Figure 2. Application of the Neurologic Signature in Study 2

Panel A shows the signature response across the temperatures used in study 2. The signature response was defined as the dot product of the signature-pattern weights from study 1 and the activation maps for each temperature within each individual participant. I bars show the standard error for the within-participant data. The signature response increased with increasing temperature, as did the level of reported pain. Percentages indicate the sensitivity and specificity for adjacent temperatures in the forced-choice classification. Sensitivity and specificity are equivalent for the forced-choice test and reflect the proportion of participants for whom the prediction based on the signature response was correct. Panel B shows the signature response as a function of reported intensity, for conditions rated as warm (nonpainful; orange) and those rated as painful (red). Loess smoothing was used to visualize the relationship; shaded areas show bootstrapped standard errors. The vertical line (at 100) divides conditions explicitly rated as painful from those rated as nonpainful, and the dashed horizontal line (at 1.32) is the classification threshold that maximizes the classification accuracy for painful versus nonpainful conditions. Panel C shows the discrimination performance for comparisons of pain and no pain. Performance (circles) was generally better than predicted by the gaussian model (dashed lines), suggesting a super-gaussian distribution of the signature response. Discrimination in the forced-choice test showed 100% sensitivity and specificity in all comparisons (data not shown).
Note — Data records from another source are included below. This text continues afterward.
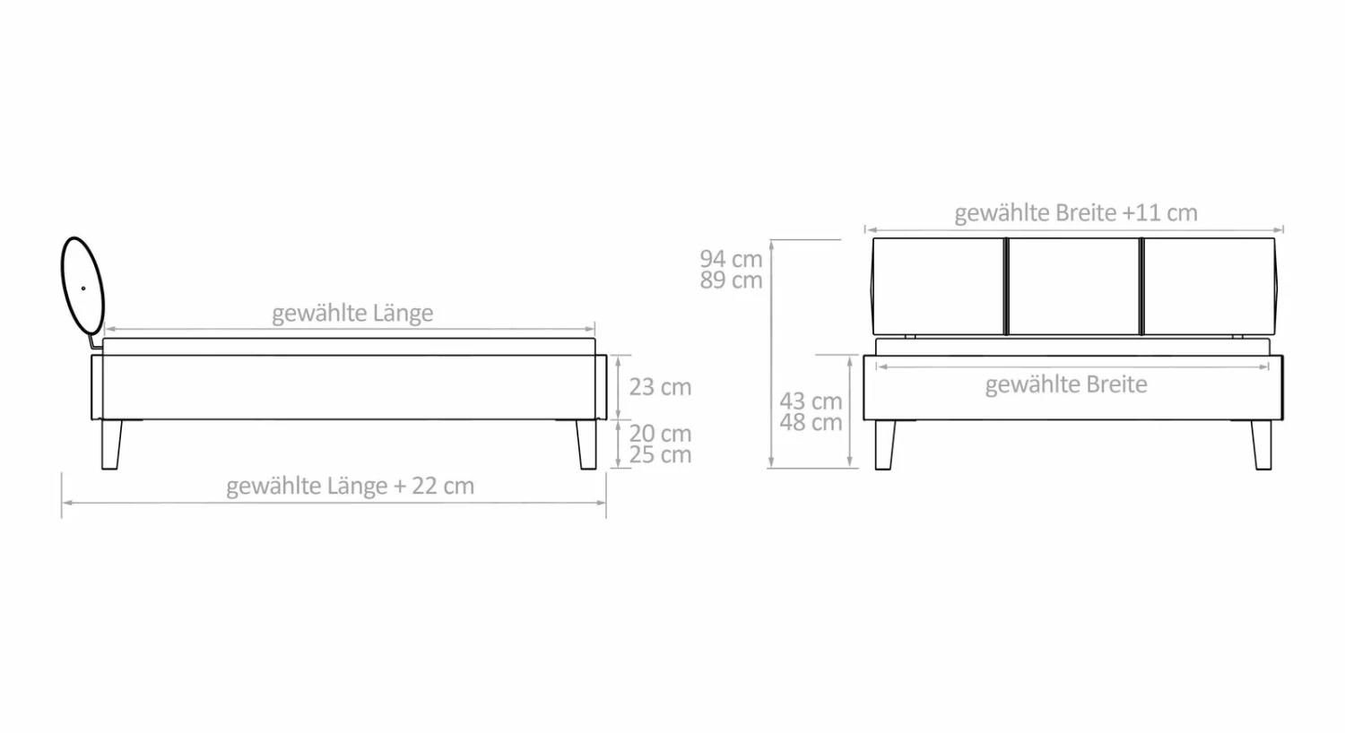 Breite + 11 cm - Kopfteilhöhe: 89 cm, 94 cm
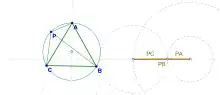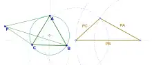 Des investigations plus approfondies montrent que si P n'est pas à l'intérieur du triangle, mais plutôt sur le cercle circonscrit, alors PA, PB, PC forment un triangle dégénéré, le plus grand étant égal à la somme des autres, cette observation est également connue sous le nom de théorème de Van Schooten[1].
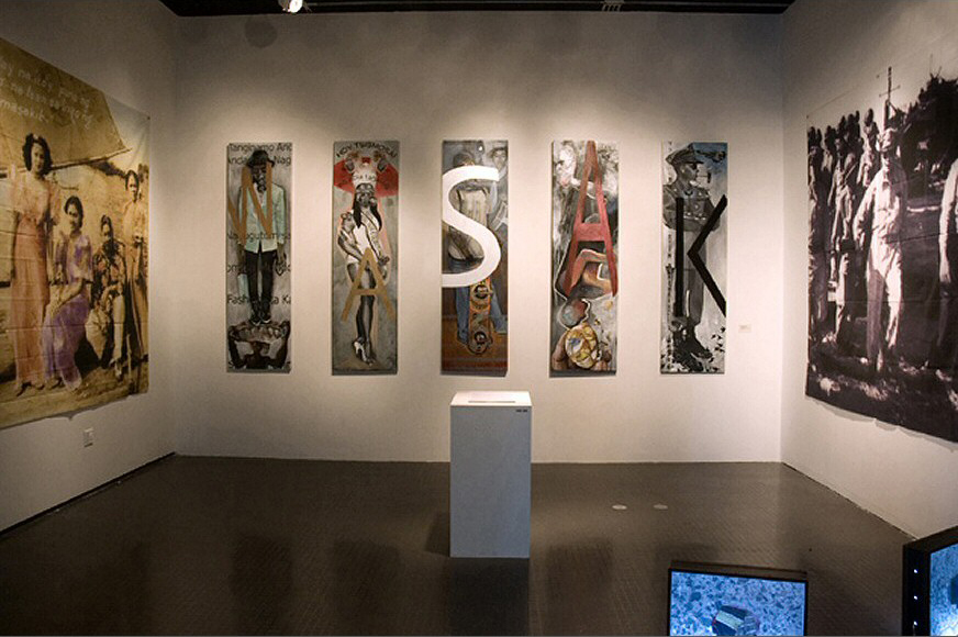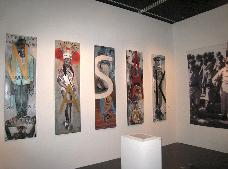Roldan’s 2 banners are excerpted from a larger body of work, some of which is also being shown concurrently in his retrospective in Manila. The binaries and contradictions set up in the opposing banners-feminine/passive/host country, and masculine/militaristic/occupying force, pushes subtly back against some of the mythologies of benign American governance and war heroism in the Philippines, as often exemplified by General Douglas MacArthur.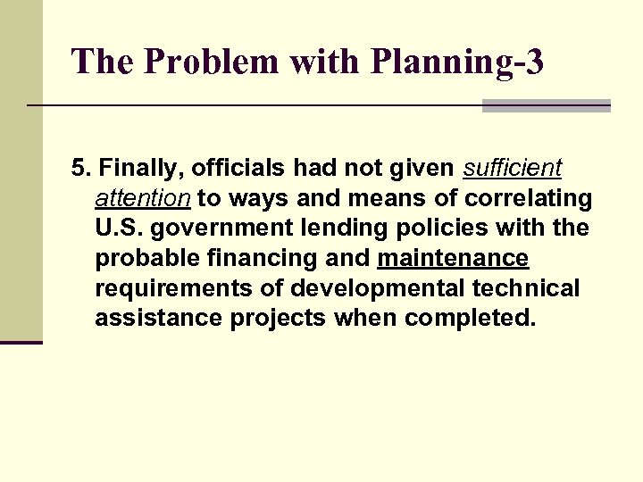 The Problem with Planning-3 5. Finally, officials had not given sufficient attention to ways and means of correlating U. S. government lending policies with the probable financing and maintenance requirements of developmental technical assistance projects when completed.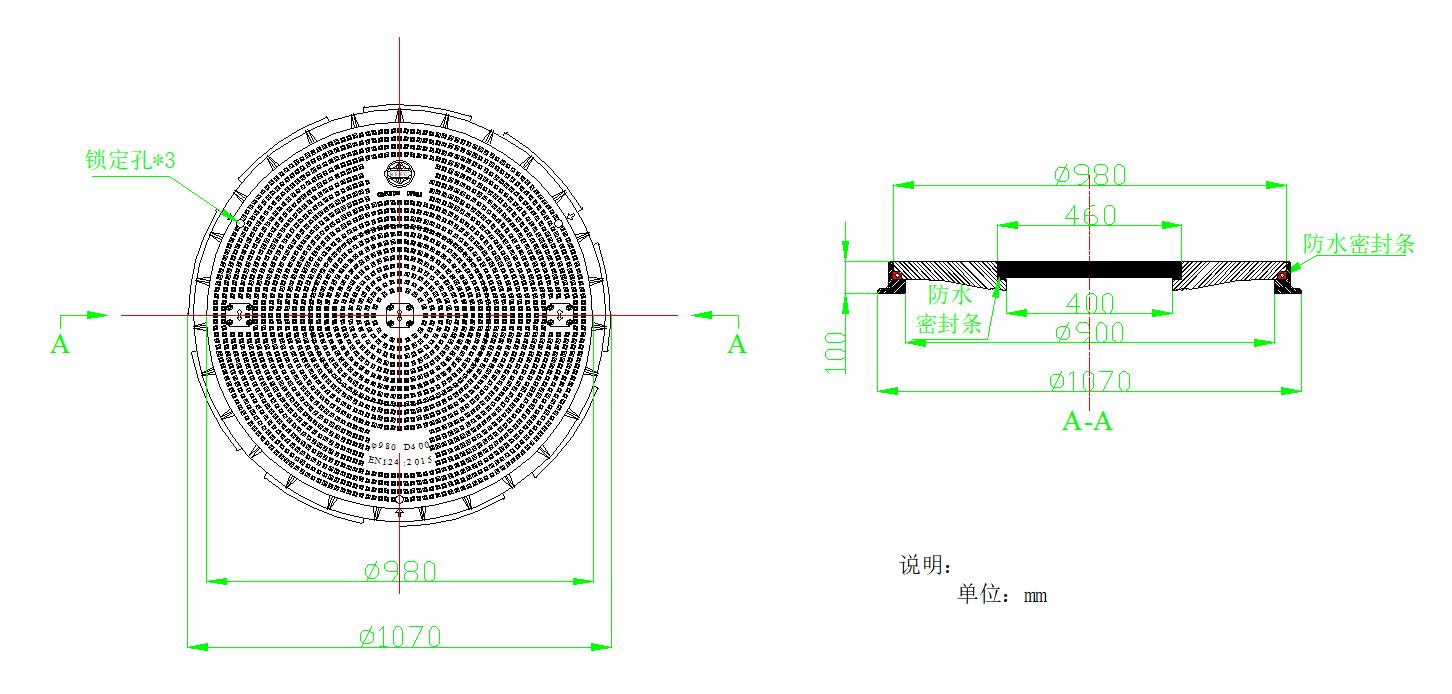 产品结构:井盖、井座、锁定装置、可拆卸密封装置组成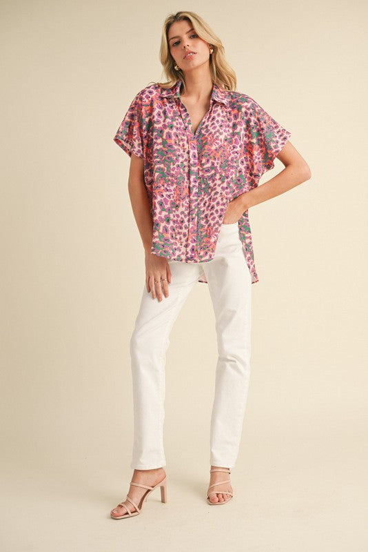 Multicolor leopard top with open collared neck, front faux hidden button-up detail, short sleeves and asymmetry hemline. - Non-sheer, lightweight. - Model is 5'7'' and is wearing a Small.

Figure 3. Application of the Neurologic Signature to Physical and Social Pain Stimuli in Study 3

Panel A shows the signature response in each condition. The dashed horizontal line shows the threshold derived from the classification of pain versus warmth in study 1. I bars indicate standard errors. Panel B shows the receiver-operating-characteristic plots for the forced-choice test, assessed only from the pattern within a single region of interest. A physical-pain signature would ideally show high sensitivity and specificity for pain versus warmth (orange line) and pain versus rejecter (dark blue line) but chance performance for rejecter versus friend (light blue line). The brain images (insets) show the positive (yellow) and negative (blue) signature weights in each region of interest, with the magnitude of the weights represented by the intensity of the color.